Finding IT System Bottlenecks and Predicting Performance

The Opportunity

The company processes large amounts of documents and other data. The processed data is needed in a very timely fashion for human interpretation and analysis, in order to serve their clients.
The system is comprised of servers with varying processing power, input/output channels, database technologies, and a variety of software applications, each its own task along the processing chain.
With so many nodes along the chain, with a myriad of configuration factors at play, the company wanted to know where bottlenecks existed, and what could be done to tune the system for speedier processing.

At the heart of the analysis is regression modeling, which allows us to quantify the effect of each system configuration parameter in the process. But because many parameters are fixed, and never vary, we needed to artificially create the variation required for our modeling.
Design of experiments is a formal statistical methodology that optimally provides a number of “runs”, each with varying values of the parameter, to most efficiently quantify the effects. This allowed us to understand these parameter factors that wouldn’t otherwise be present in server log data.

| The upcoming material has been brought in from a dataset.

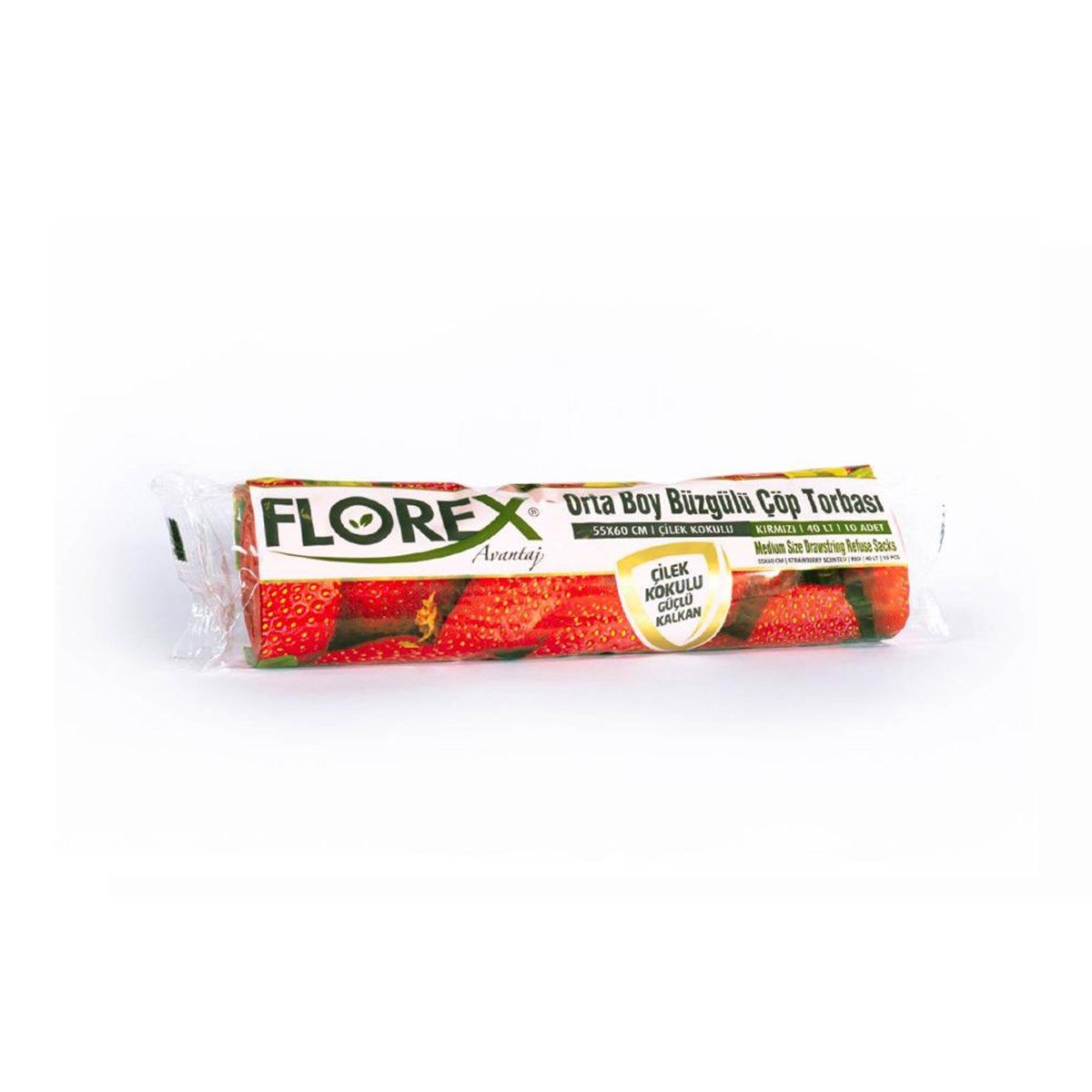 Florex 402 Çilek Kokulu Büzgülü Orta Boy Çöp Torbası 55X60Cm 25 Rulo (1 Rulo 10 Adet)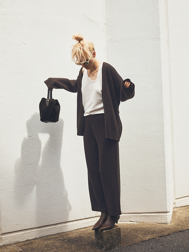 ニットのやわらかなムードをそこなうことなくどことなくきちんと感が得られるブラウンの効能。たとえセットアップで組み合わせても、手抜き感はなし。しっとりとした風合いとだぶつきのない直線的なシルエットが、スマートな見た目をあと押し。

The study found some things that were obvious, but others not. For example, the size of files processed is unsurprisingly a factor. However, we found breakpoints where, above a certain file size, performance significantly degraded in a non-linear fashion.
Other factors included a process change at a certain date, as well as a software upgrade from one vendor that actually decreased performance.
Finally, for certain clients, based on their specific requirements, it was found that processing for their projects weighed heavily on the system. Knowing when these projects would be processed allowed IT to plan for capacity demands.